Three government ministers who were already boycotting meetings of Iraqi Prime Minister Nuri al-Maliki's Cabinet will formally quit the government, their bloc said yesterday.
The move by the secularist group of former prime minister Iyad Allawi deals a further blow to Maliki's efforts to rebuild a national unity coalition, which has been crumbling since the main Sunni Arab group and others walked out.
"The Iraqi List has decided to withdraw from the government and we will send a memo to the government to inform them of our stance at the beginning of next week," said a senior member of the bloc, Iyad Jamal al-Deen.
The bloc has five ministers in the government, three of whom were now quitting, while a fourth, the justice minister, had already resigned, he said. The fifth, a member of the Communist Party, was not participating in the walkout.
Jamal al-Deen said the bloc opposed the handing out of government jobs on sectarian lines and was now pulling out because Maliki had not responded to its call to end the practice.
GLOOMY PROGNOSIS
The announcement came one day after the declassified findings of a US intelligence estimate gave a gloomy prognosis for Maliki's efforts at reconciliation.
"Levels of insurgent and sectarian violence will remain high and the Iraqi government will continue to struggle to achieve national-level political reconciliation and improved governance," said the findings, which 16 US intelligence agencies agreed on.
The new estimate also predicted that security improvements made over the past six months will erode if the US military narrows its mission to supporting the Iraqi security forces and fighting al-Qaeda.
The US intelligence community "assesses that the Iraqi government will become more precarious over the next six to 12 months because of criticism by other members of the major Shia coalition" as well as Sunni and Kurdish parties, the new estimate warned.
The declassified judgments of the assessment were released by the office of the National Intelligence Director Mike McConnell.
NO COMPROMISES
Barring "a fundamental shift in factors driving Iraqi political and security developments," compromises needed for "sustained security, long-term political progress, and economic development are unlikely to emerge," the assessment said.
Iraqi leaders who are already "unable to govern effectively" will struggle to achieve national political reconciliation, it warned.
Changing the coalition's mission to focus on providing combat support for Iraq's security forces and fighting al-Qaeda "would erode security gains achieved thus far," it warned.
Just hours after the assessment came out on Thursday influential Republican Senator John Warner urged Bush to start a limited withdrawal of US troops from Iraq by Christmas.
The move would send a signal the Maliki administration and regional nations that the US commitment to Iraq is not open ended, said Warner, who returned recently from Iraq.
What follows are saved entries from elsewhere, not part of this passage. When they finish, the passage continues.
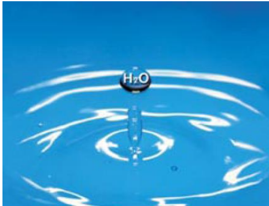
緣起法是法則，猶如“ H_2O ”；緣生法是現象，例如水、冰、蒸氣等。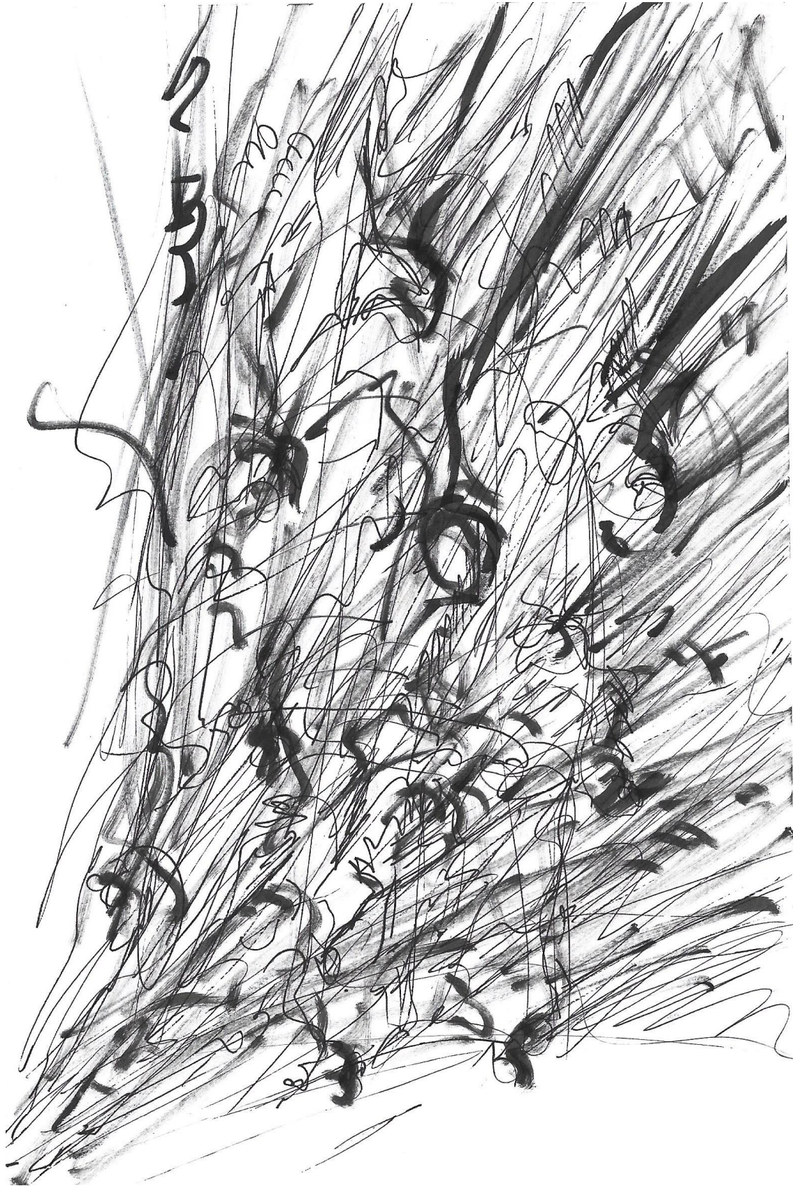
Imagem 7. Gazy Andraus, 2DImagem, Nanquim, formato A-5, Goiânia-GO, 2023.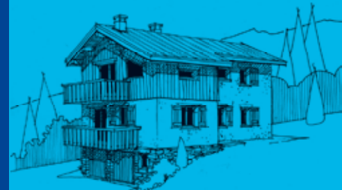
5 e projet après 2 e consultation

Mais une chose est certaine, constructeurs nous sommes et constructeurs nous le resterons.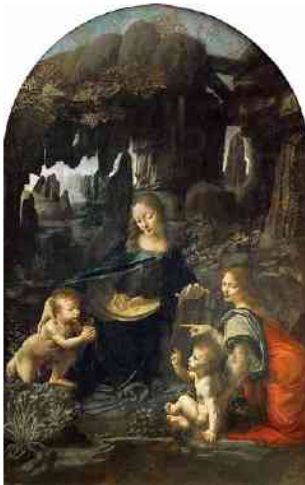
VERGINE DELLE ROCCE, 1483-1486 - MUSEO DEL LOUVRE, PARIGI

Ovviamente da non perdere l'Ultima Cena: il dipinto, Patri-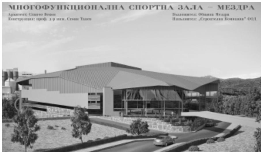
МНОГОФУНКЦИОНАЛНА СПОРТНА ЗАЛА - МЕЗДРА Архитект: Станко Велев Конструктор: проф. д-р инж. Стоян Тодев Благородие: Община Мездра Изпълнител: „Строителна Компания“ ООД

Другият проект, който ще получи държавно финансиране, е "Реконструкция на транспортна инфраструктура в община Мездра". Става дума за реконструкцията на 7 градски улици с натоварен трафик - западната част на ул. "Александър Стамболийски", "Веслец", "Любен Каравелов", "Динко Петров", "Паусий", "Роза" и "Брусненско шосе", както и на три участъци от IV-класната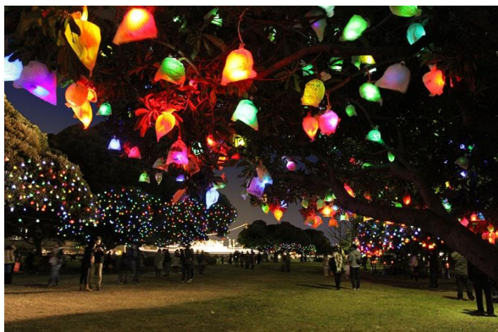
高橋匡太《ひかりの実》2011年 山下公園、横浜市、神奈川、photo 村上美都 (展示イメージ)

また六甲ガーデンテラスエリアでも1,000万ドルの夜景と共に楽しめる夜間鑑賞可能な作品を公開します。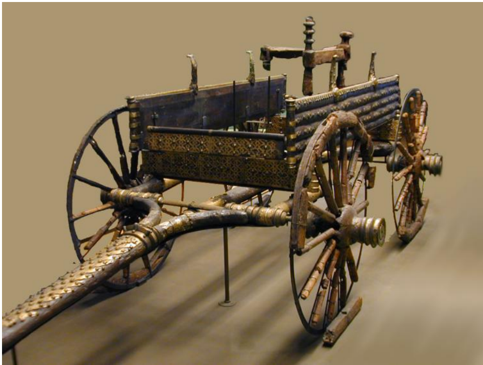
Kultvagn från Dejbjerg i Danmark, numera på Nationalmuseet i Köpenhamn.

tas ut när man så önskade. Under slutet av dolkkulturen ebbade detta ut och gravrummen blev allt mer slutna.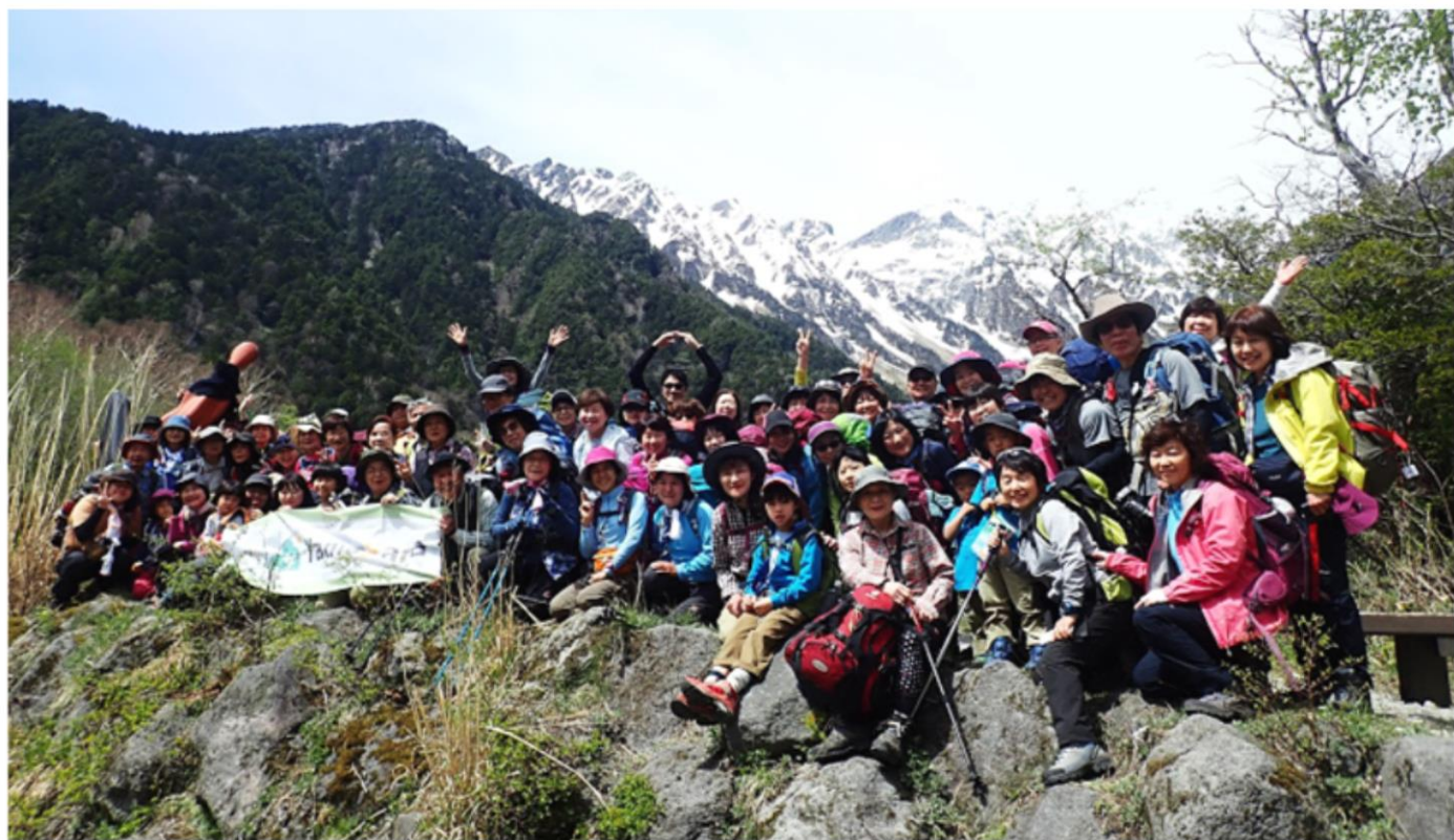
13:30 全員集合写真 去年は正面から撮影今年は斜めからの撮影ちよっぴり失敗！左側誰だかわからない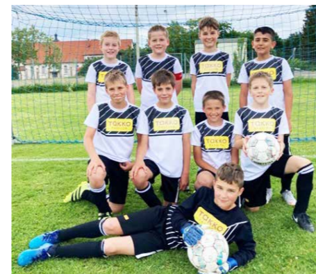
Die E1 beim Spiel gegen den FV Olympia Laupheim II

Besonders bitter war das Ausscheiden im Viertelfinale des Bezirkspokals mit einer Niederlage im Elfmeterschießen gegen die SGM SV Eberhardzell I. Trotz bester Torchancen scheiterte man immer wieder an der Latte, dem Pfosten und dem gegnerischen Torwart.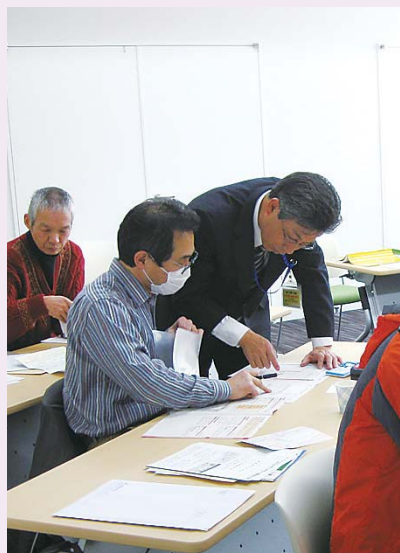
不明な点はすぐ質問して、すぐ解決!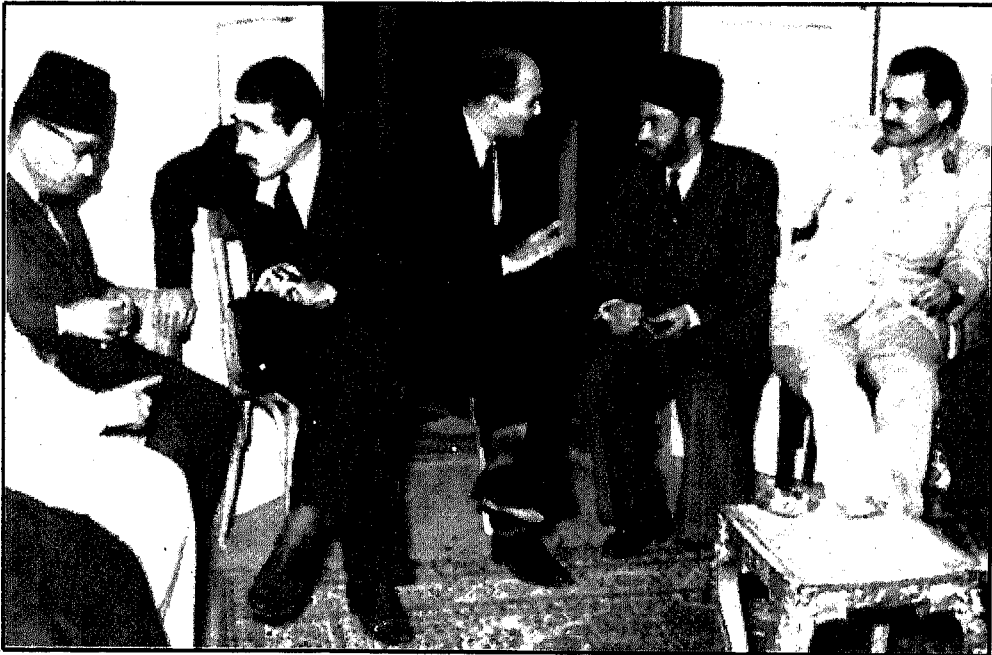
كمال الدين حسين وعبد الرحمن البنا وصالح سالم وعبد الحكيم عامر وعبد العزيز عطية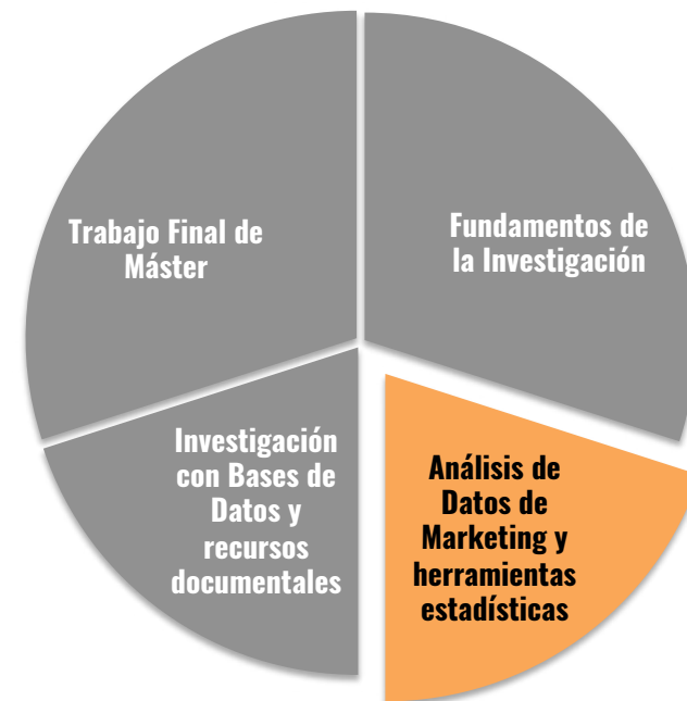
Segundo curso - Título de Máster en Estrategia, Creatividad y Herramientas de Marketing Digital

En este curso se trabajan en profundidad los conceptos básicos de la estadística descriptiva , así como algunas técnicas cuantitativas (cuestionario, etc.). También aprenderán a diseñar un experimento y a llevar a cabo las pruebas estadísticas inferenciales con el programa estadístico Jamovi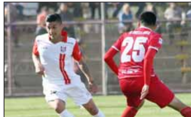
El conjunto sanfelipeño debe sumar para comenzar a escapar de la parte baja de la tabla de posiciones.

San Marcos 10 Unión La Calera 10 Coquimbo Unido 10 Ñublense 8 Santiago Morning 8 Cobreloa 8 La Serena 7 Iberia 7 Puerto Montt 6 Valdivia 5 Unión San Felipe 5 Barnechea 4 Cobresal 4 Rangers 2 Magallanes 2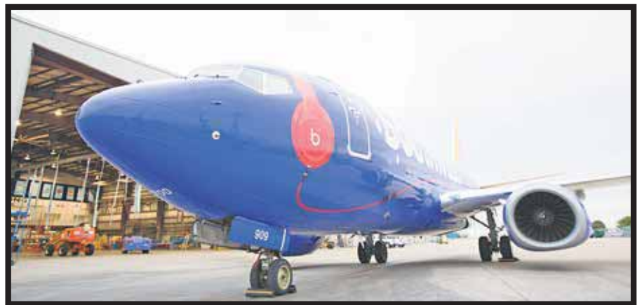
Quiere volar de Los Ángeles a tres ciudades mexicanas.

La nueva propuesta de servicio se alinea con el plan para 2016 de cre-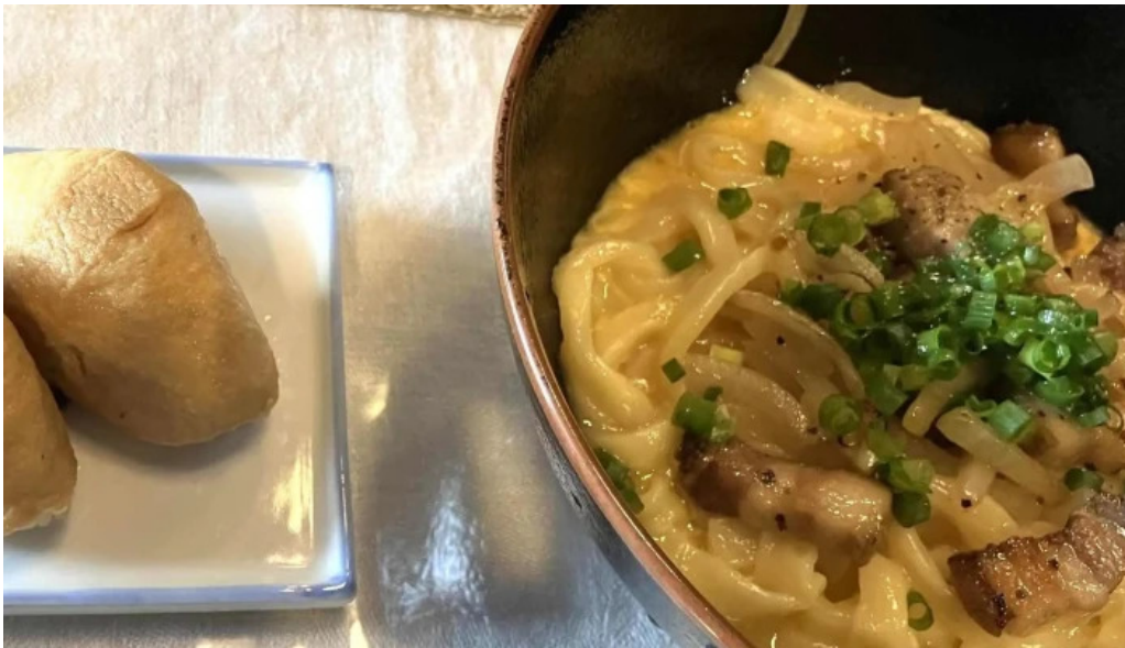
善長庵 comentario 3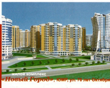
ЖИЛОЙ КОМПЛЕКС «Новый Город», юмг, ул. 10 лет Октября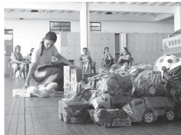
As doações foram da comunidade e dos alunos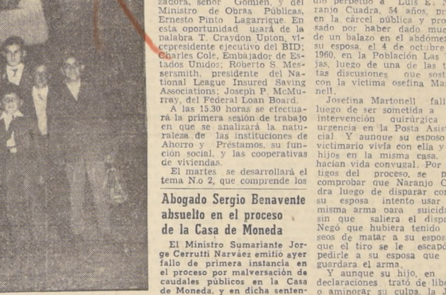
El próximo domingo se iniciará en Santiago la Segunda Reunión Interamericana de Ahorros y Préstamos, con el fin de estudiar los progresos de este sistema destinado a contribuir a la solución del problema habitacional de los pueblos de este continente.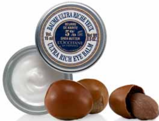
Baume Ultra Riche Yeux Hydratation* 24 heures Pot 15ml.

Test effectué sur 27 femmes pendant 3 semaines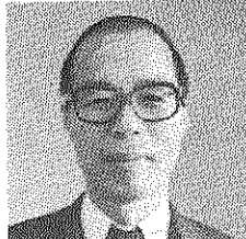
王子五丁目団地の皆さん、自動車文庫の停車場(ステーション)が設置できることになり、おめでとうございます。ふりかえってみますと、王子五丁目団地の皆さんから、この要望を出されたのは、昭和五十二年でした。図書館としても、種々検討しましたが、当時、三十ヶ所あるもののステーションをかかえ、フル回転でまわす余力がなかったこともあり、区立中央図書館に近づくこともあつたのであります。これから団地の皆さんと話し合いながら、出来れば五月中旬頃から伺うようにしたいと思っております。どうか可成りご利用頂きたいと思っております。

安くて助かりました 灯油共同購入ぜひ続けて... この冬はものすごく寒い、と、うしろから暖房機を安く買ってきた、おどろおどろしい。3、4号棟は暖房機で温かいので、移動できないかな、と思ったこともありました。でも自治会の共同購入で1270円という格安な値段で灯油が買えて助かりました。 (6号棟・主婦可)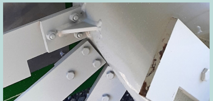
Lange Schlegel 260x80x15 - für schweres Umsetzmaterial von Vorteil

Hinweis: Für die länderspezifische Strassenzulassung ist der Käufer verantwortlich. Bitte sprechen Sie mit unseren Beratern.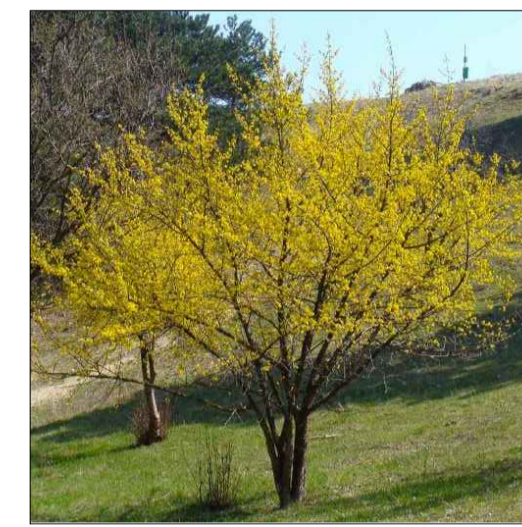
● Cornus Mas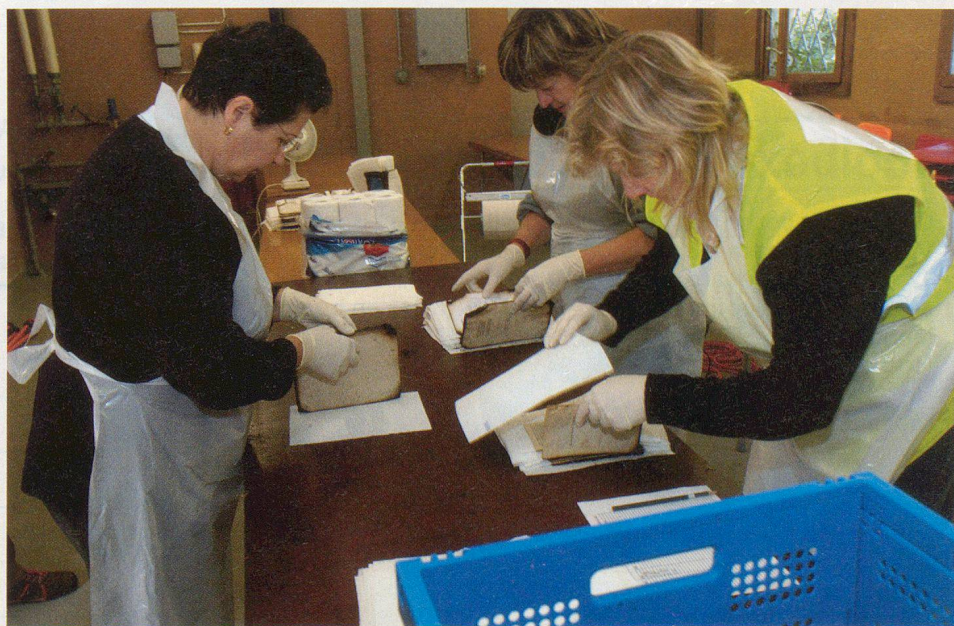
Un papier buvard est glissé entre les pages des ouvrages mouillés, et des ventilateurs aèrent la pièce.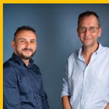
PRIX REPRISE EMPREINTE DIGITALE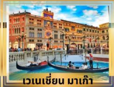
เวเนเชียน มาเก๊า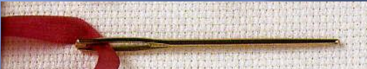
Игла для тесьмы и ленточек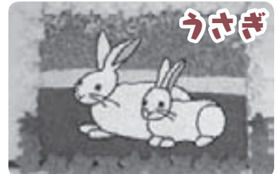
利用者がお花紙を丸めてうさぎを作りました

Meanwhile, 60 suspected al-Qaeda in Iraq fighters hit national police facilities in a coordinated attacks in Samarra, sparking two hours of fighting that saw three people killed and more than a dozen insurgents captured, police said yesterday.
MASKED ATTACKERS
The masked attackers drove into the city at dusk on Thursday in about 20 vehicles, including pickups with machine-guns, then split into small groups and assaulted four police checkpoints and a headquarters building, a Samarra police official said.
One policeman and two civilians -- a woman and an 11-year-old girl -- were killed in the fighting, and nine others were injured including a police commando and three children.
There were no details on insurgent casualties, but police arrested 14 suspects, the spokesman said on condition of anonymity because he was not authorized to release the information.